Heryawan menjelaskan kenapa baru akan dilaksanakan pada 2014, karena pada tahun ini sudah tidak ada lagi tender yang akan digelar. "Kita siapkan total 100 persen di 2014," ungkap Heryawan.

Kedatangan Ketua BPK RI Hadi Poernomo ke Gedung Sate, diakui Hadi untuk mensosialisasikan tidak boleh lagi melakukan transaksi tunai dalam pelaksanaan proyek atau tender.

"Karena itu uang negara, jadi harus tahu, keluar pada siapa, berapa jumlahnya, untuk apa. Supaya tidak terjadi lagi yang fiktif atau mark up," katanya.

Menurutnya dengan transaksi non tunai mudah menelusurinya.
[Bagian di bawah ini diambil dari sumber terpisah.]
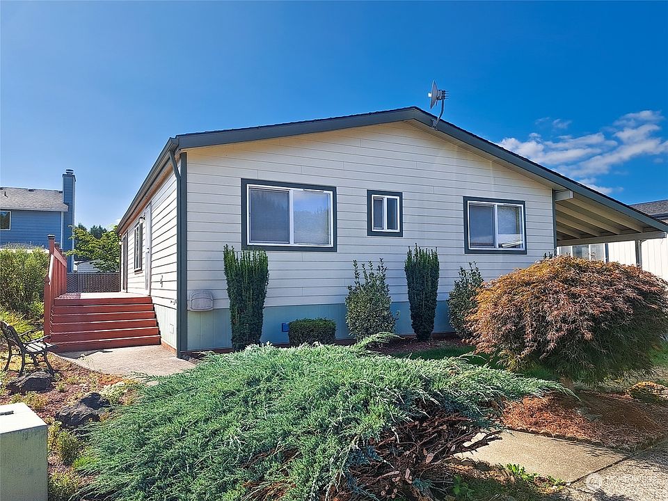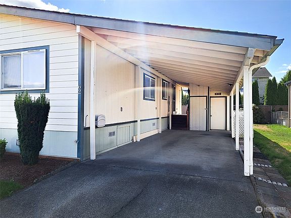 Great open floor plan home in 55+ manufactured home park in Woodland. Spacious 3 bedroom, 2 bath home with partially fenced yard, parking for 2 vehicles plus a storage shed, storage closet, and garden shed. This home is clean and move in ready with a newer roof and siding, and fresh exterior paint. The expensive items have been done which will allow for many years of maintenance free living. Non smoking/pet free home. The primary has a walk in shower and slider to the large deck. Skylights provide natural lighting. All appliances including the washer/dry pass with the sale.

Selain itu transaksi non tunai penting dilakukan untuk memastikan berapa jumlah transaksinya, serta lengkap tidaknya item transaksinya hingga kejelasan sumber transaksinya.
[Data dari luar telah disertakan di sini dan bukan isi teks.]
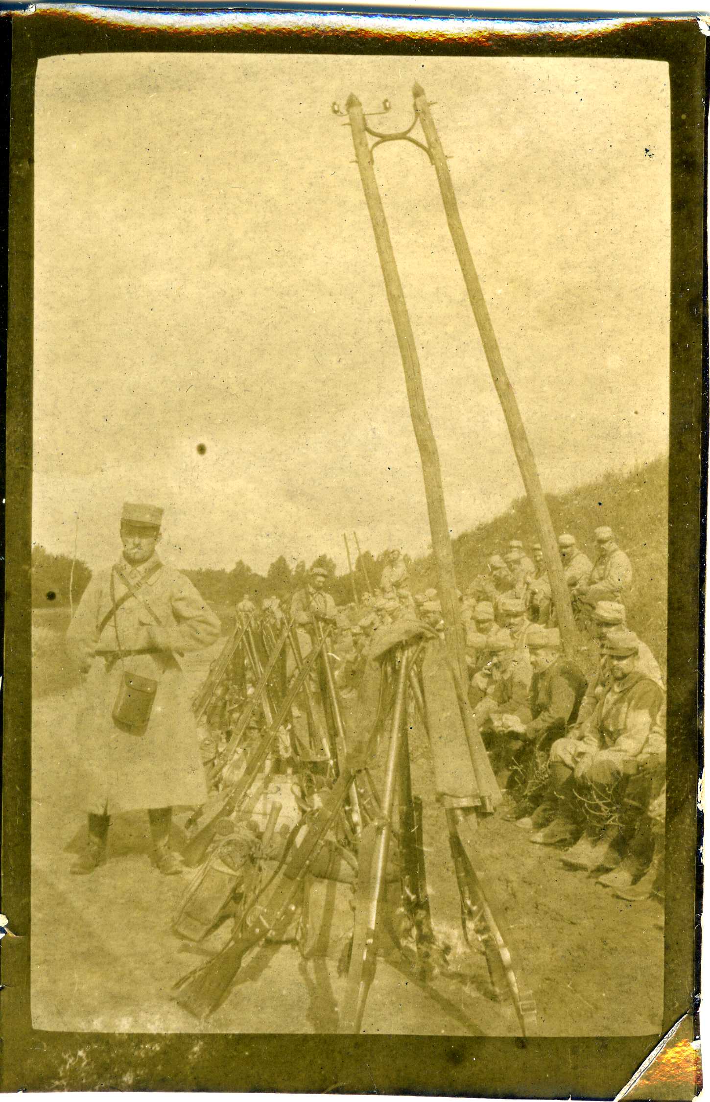 Compagnie de soldats au repos au bord d'une route. Les fusils sont rangés. Au premier plan à gauche se trouve certainement le chef de la compagnie.

"Jadi kita menutup semua kesempatan terjadinya KKN. KKN itu terjadi karena ada niat dan kesempatan. Niat enggak mungkin ditutup karena ada di hati masing-masing. tapi kesempatannya kita tutup sehingga mempermudah pengawasan internal," tuturnya.

Hadi mengatakanimbauan ini dilakukan karena berdasarkan pengalaman BPK memeriksa sejumlah kasus seperti Kasus Hambalang, salah satu penyebabnya adalah karena tidak dilakukannya transaksi non tunai.

"Kalau dibayar tunai kan bisa terima 30 tapi tanda terima 50. Kalau non cash tidak bisa," kata Hadi.

Ia mengatakan, selama ini dari Pemda ke pihak ketiga (kontraktor) memang sudah tidak lagi tunai. Namun dari pihak ketiga ke rekanan seperti suplier, jasa dan lainnya masih bebas.

"Sekarang kita wajibkan juga untuk non cash. Karena itu kan uang negara," tambahnya. Untuk mengatur hal tersebut gubernur dapat memasukannya dalam surat perjanjian.

Dalam audit BPK nantinya pun itu bisa menjadi temuan BPK Jika kontraktor tidak melaksanakan hal tersebut. Perusahaan atau kontraktor tersebut bisa dikenai sanksi seperti di blacklist atau diputus kontrak.